В 1812 году дворяне избрали его своим предводителем, и по их поручению он в 1814 году встречал возвращающегося из-за границы императора. Александр I вновь «заметил» старого вельможу и 30 августа 1814 года назначил его министром юстиции и генерал-прокурором. На этом посту Дмитрий Прокофьевич пробыл три года, с присущей ему энергией занимаясь многочисленными делами судебного ведомства, прокуратуры и Правительствующего сената.

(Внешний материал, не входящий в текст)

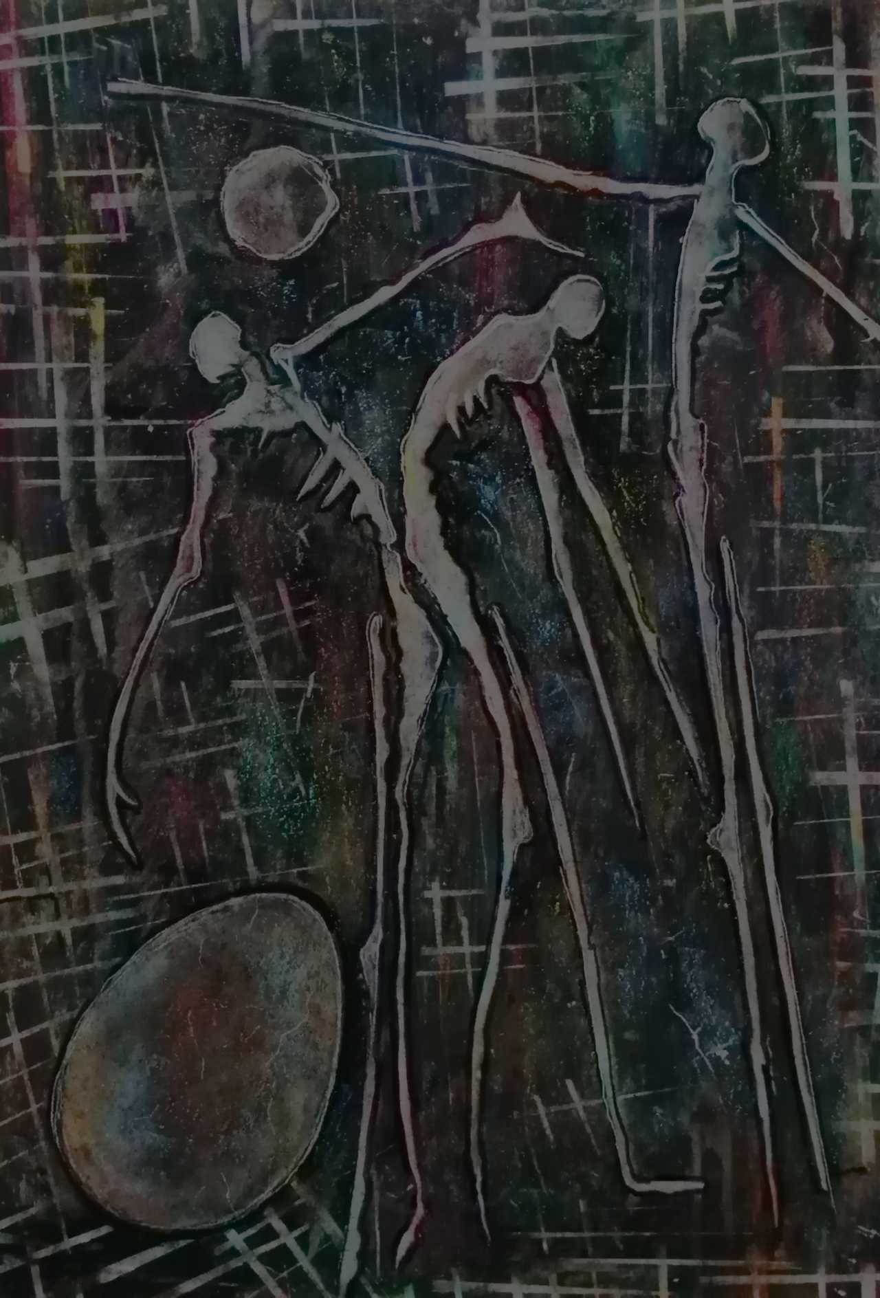 Рисунок на бумаге 21 /30см, в остеклённой раме, масляная пастель, маркер, акриловый лак, 2025г
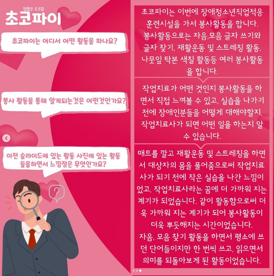 본문 시작 홈으로 커뮤니티 학과소개 진로 및 취업 학과과정 커뮤니티 SNS 홈페이지가이드 학과 소식 및 행사 학과공지 학과 소식 및 행사 대학생활 엿보기 어쩌다 출근 챌린지 학생회 동아리 통학버스 시간표 학과 소식 및 행사 페이스북 트위터 프린트 동아리 소개 [초코파이] 작업치료학과 4504 2022-10-26 목록 이전동아리 소개 [9988] 다음 2022 실습후기모음 (아동파트 대학병원, 종합병원) 담당부서 : 작업치료학과 담당자 : - 연락처 : 043-649-1632 최종수정일 : 2024-10-26 만족도조사 만족도 조사 이 페이지에서 제공하는 정보에 대하여 만족하시나요? 매우만족 만족 보통 불만족 매우불만족

В одном из своих писем он сообщал: «Без отдыха сижу за делами по своему департаменту, о коем можно сказать с Давидом: сие море великое и пространное, в нем же гадов несть числа».

Один из первых биографов генерал-прокурора П. И. Иванов писал о нем: «Трощинский хотя и не получил классического образования, но, имея светлый ум, наблюдательность, сам себя образовал в школе практических деловых упражнений, так что его проекты, мнения, министерские бумаги носят на себе отпечаток ясного понимания предмета, строгой отчетливости в изложении и, наконец, в них всегда преобладает практическая сторона относительно приведения в исполнение предполагаемого, которая приобретается только долговременным упражнением в делах. Он, как известно, много писал проектов по разным предметам, подавая замечательные мнения».

Трощинский умел безукоризненно докладывать дела. Он любил повторять одну фразу: «Дело не в докладе, а в докладчике», подчеркивая тем самым, что умный и ловкий чиновник всегда сумеет доложить любое дело в нужном ему ракурсе и провести выгодное решение. И он действительно умел убеждать императора. От своих подчиненных он требовал простоты и ясности при изложении обстоятельств дела, без каких-либо собственных заумных рассуждений. Когда же обер-прокуроры, особенно из молодых, по свойственной их возрасту запальчивости, позволяли себе неуместные замечания, Дмитрий Прокофьевич неизменно останавливал их словами: «Да уж, пожалуйста, не забегайте вперед воображением вашим».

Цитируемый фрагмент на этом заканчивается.